Saat sebelum Bunuh 3 Polisi Lampung- Selain mempunyai senapan bawah tangan buat menewaskan 3 polisi Lampung, tersangka Bazarsah sempat dipenjara.
Saat sebelum menembak mati 3 polisi Lampung, kehidupan Kopral 2 Bazarsah kencana69 engket dengan kepemilikan senjata api bawah tangan. Ia juga nyatanya mendapatkan amunisi runcing dari mencuri di tengah bimbingan menembak di batalyon.
Senjata api bawah tangan serta amunisi jarahan inilah yang membuat Bintara Pengajar Dusun Rayon Tentara 0427- 01 atau Pakuan Istri raja itu merasa superior dalam mengalami siapa juga yang coba mengusik arena pertaruhan yang dikelolanya.

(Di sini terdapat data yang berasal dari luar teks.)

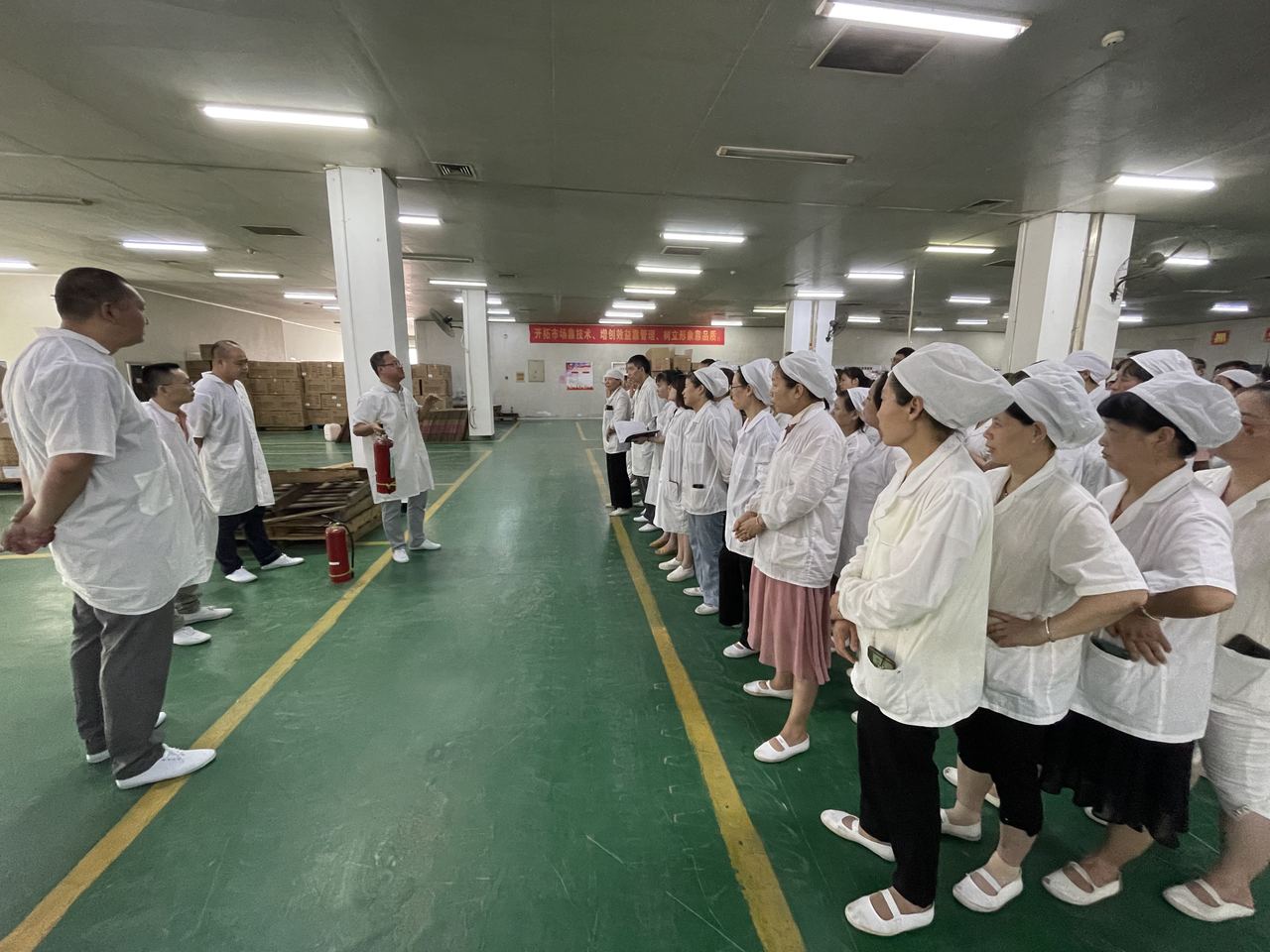 接下來,生產(chǎn)車間班長熊春珍就各種滅火器的正確使用方法詳細進行講解的同時生產(chǎn)車間副主任張鵬輝在現(xiàn)場進行滅火器使用的操作示范,另生產(chǎn)車間副主任杜進就滅火器使用中注意事項進行一一強調(diào)指出,讓員工提升消防安全技能;
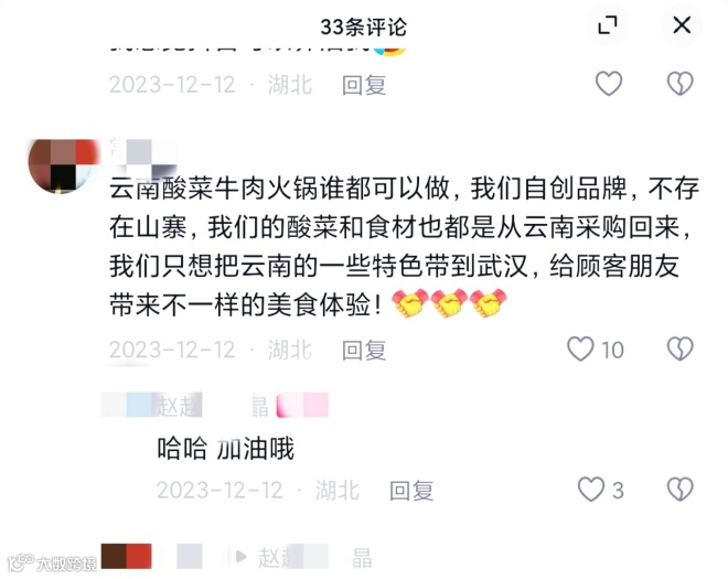 然而,真正的创始人却表示:“云南酸菜并非专利,我们自创品牌,并非山寨。我们只想将云南酸菜火锅带到武汉。”

Kelakuan” koboi” Bazarsah terbongkar dalam sambungan konferensi pembantaian 3 polisi Lampung di Majelis hukum Tentara I- 04 Palembang, Senin( 14 atau 7 atau 2025). Dikala menanggapi persoalan regu Oditurat Tentara I- 05 Palembang, terdiri dari Letnan Kolonel Chk Zarkasi serta Utama Chk Lismawati, Bazarsah yang jadi tersangka berkata dirinya menembak mati 3 polisi Lampung dengan senjata api keselarasan jauh. Senjata itu didapat dari kawan satu angkatan pembelajaran tentara yang bernama Kopda Zeni Erwanta( almarhumah) pada 2018.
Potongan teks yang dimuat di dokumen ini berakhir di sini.